• **WHAT YOU SHOULD DO**
Retype the lines below exactly, but only those from the line that has "Yalova Devlet Hastanesi" through the line that has "Switch-ul de la". Omit every picture.

• **MATERIALS PROVIDED**
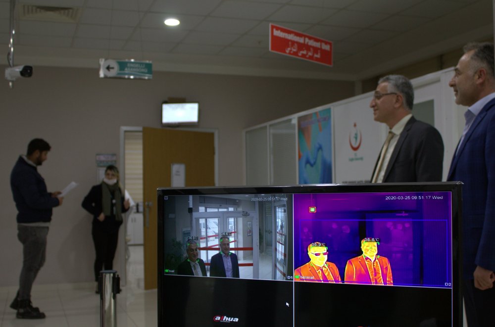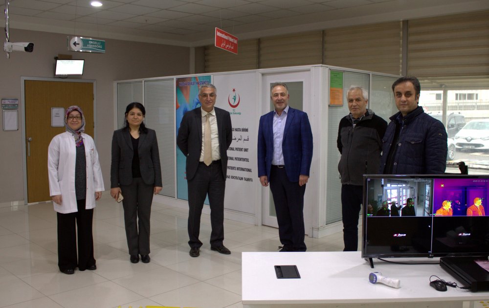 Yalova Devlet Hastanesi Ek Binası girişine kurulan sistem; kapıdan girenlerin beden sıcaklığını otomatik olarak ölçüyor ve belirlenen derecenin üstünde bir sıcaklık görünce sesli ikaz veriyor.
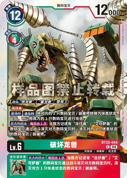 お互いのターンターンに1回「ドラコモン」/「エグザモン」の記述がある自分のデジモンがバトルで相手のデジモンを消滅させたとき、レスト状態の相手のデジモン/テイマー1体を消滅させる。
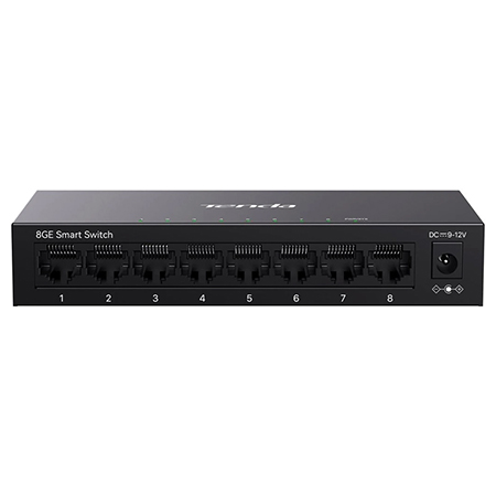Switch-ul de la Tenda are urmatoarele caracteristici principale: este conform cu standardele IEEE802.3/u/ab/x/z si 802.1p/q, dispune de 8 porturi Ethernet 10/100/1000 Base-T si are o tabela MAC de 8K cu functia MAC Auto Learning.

* * *

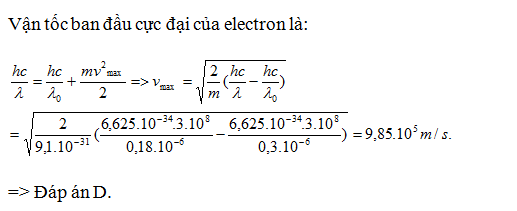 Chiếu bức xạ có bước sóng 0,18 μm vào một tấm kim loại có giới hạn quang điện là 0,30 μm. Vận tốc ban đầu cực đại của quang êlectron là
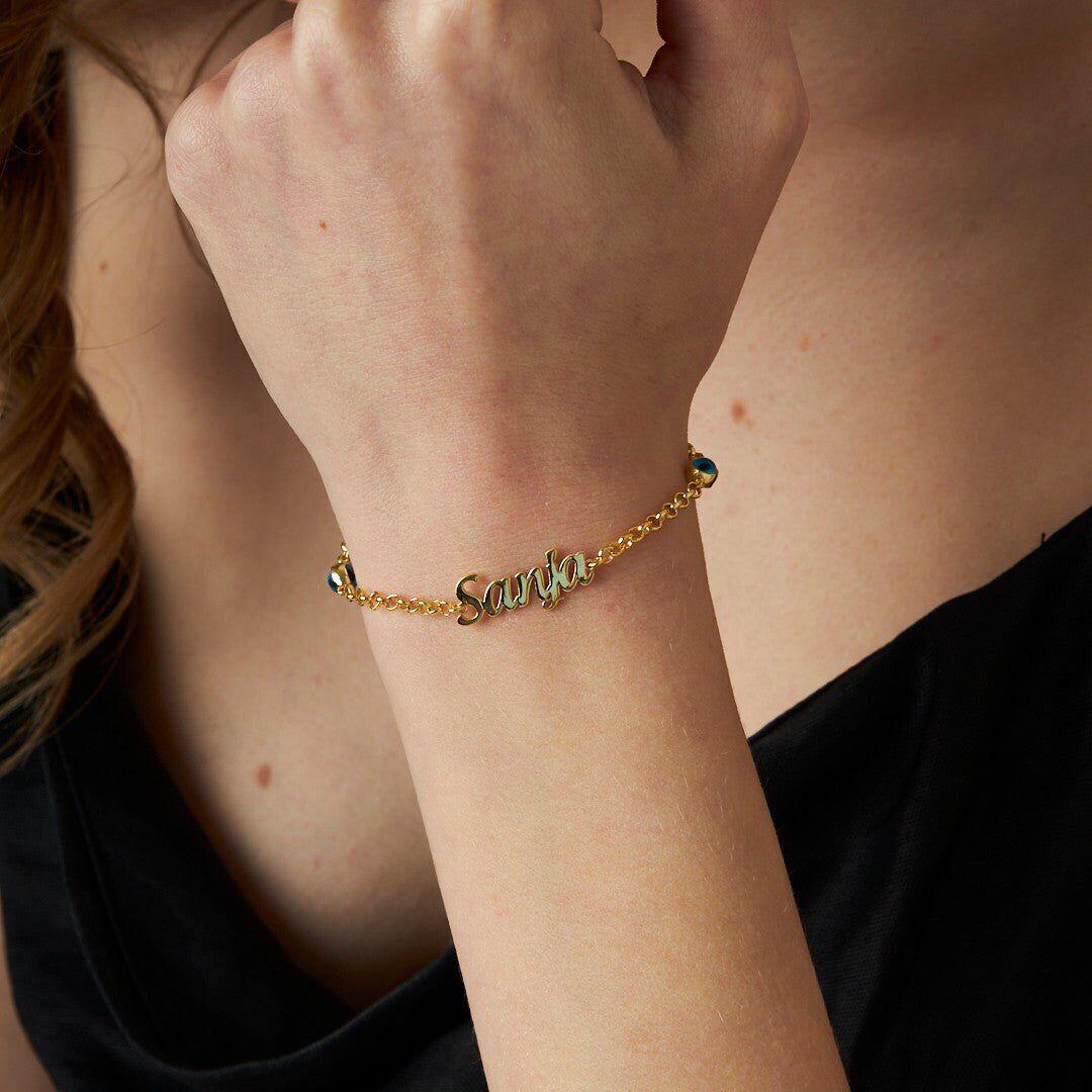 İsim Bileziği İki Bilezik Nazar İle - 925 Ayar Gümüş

• **SOLUTION BELOW**
 Yalova Devlet Hastanesi Ek Binası girişine kurulan sistem; kapıdan girenlerin beden sıcaklığını otomatik olarak ölçüyor ve belirlenen derecenin üstünde bir sıcaklık görünce sesli ikaz veriyor.
 お互いのターンターンに1回「ドラコモン」/「エグザモン」の記述がある自分のデジモンがバトルで相手のデジモンを消滅させたとき、レスト状態の相手のデジモン/テイマー1体を消滅させる。
Switch-ul de la Tenda are urmatoarele caracteristici principale: este conform cu standardele IEEE802.3/u/ab/x/z si 802.1p/q, dispune de 8 porturi Ethernet 10/100/1000 Base-T si are o tabela MAC de 8K cu functia MAC Auto Learning.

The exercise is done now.